Attempt. I believe the answer is yes. Let's, for example, take the part $$S=\{(x,y,z):z^2=x^2+y^2,~1\leqslant z\leqslant 2\}$$ of the standard cone $z^2=x^2+y^2$. Then $\partial S=C_1\cup C_2$, where $C_i$ is the flat disc of radius $i$. If $\vec{n}$ is the outer unit normal vector, then $C_1,\,C_2$ should be oriented anticlockwise and clockwise, respectively. Take: $$S'=\{(x,y,z):z^2=x^2+y^2,~0\leqslant z\leqslant 1\}.$$ Then we may apply Stokes' theorem on $S',\,S+S'$, whose boundaries are $C_1,\,C_2,$ respectively. Since $$\iint_{S+S'}= \iint_{S}+\iint_{S'}$$ we get: $$\iint_{S}=\iint_{S+S'}-\iint_{S'}=\oint_{C_2}-\oint_{C_1}.$$
By the same method, of $\textit{closing}$ the surface properly, we may derive in general the above claim.
Is the procedure correct?
Thanks in advance.
What you did is correct. It is true that Stokes' theorem is often proved just for disc like surfaces having a single closed boundary curve.
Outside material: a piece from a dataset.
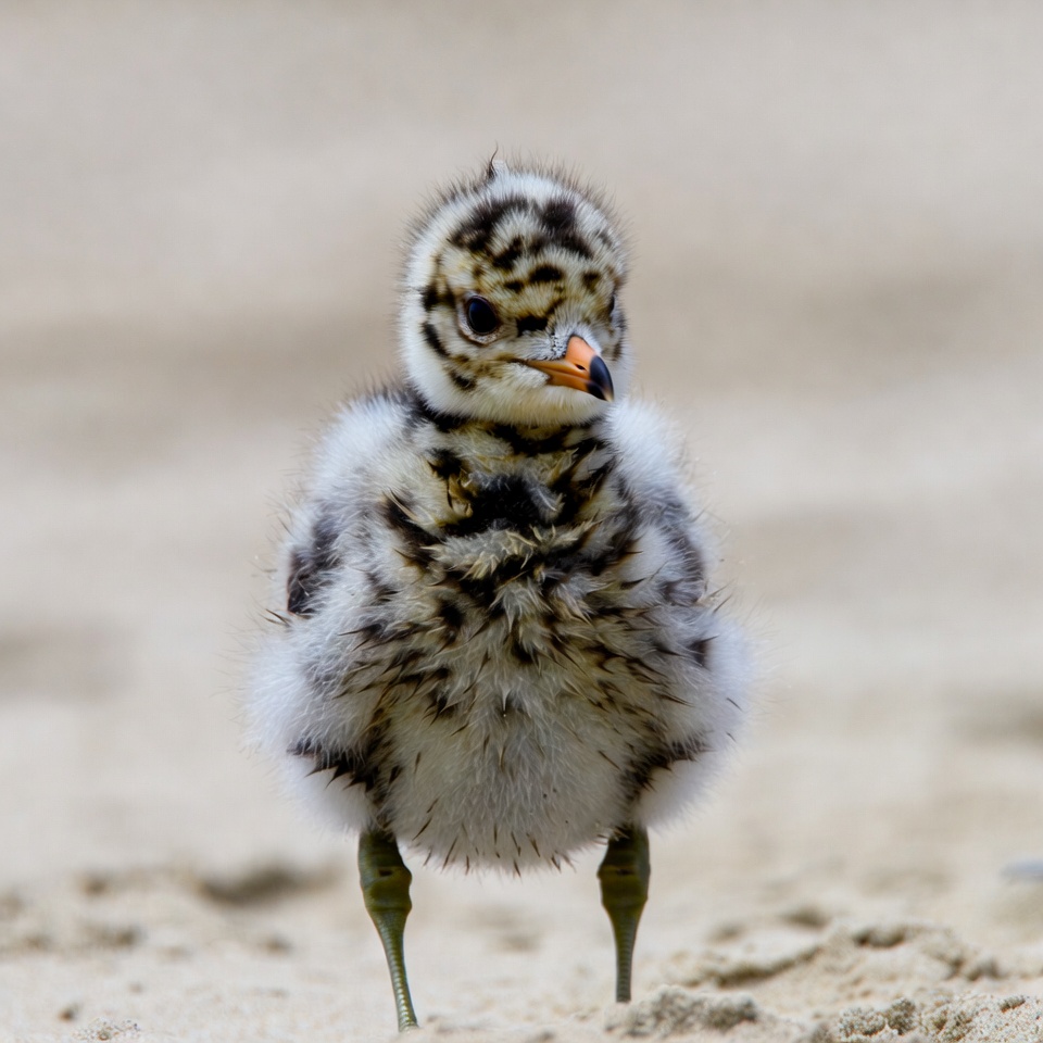 A young killdeer chick stands on a sandy beach with its fluffy feathers featuring black and white spots. It has a distinctive orange beak and green legs. The chick faces forward with a curious expression.

But in fact this theorem is valid for any orientable surface $S$ with boundary $\partial S$, whereby the boundary is assumed to consist of finitely many piecewise smooth closed curves $C_i$. Orientable means that on $S$ can be defined a continuous unit normal $x\mapsto {\bf n}(x)$. For Stokes' formula to hold it is then further assumed that the $C_i$ are properly directed, namely such that near each point $x\in C_i$ the interior of $S$, when viewed from the tip of ${\bf n}(x)$, is to the left of the arrow ${\bf t}(x)$ marking the tangent direction of $C_i$ at $x$.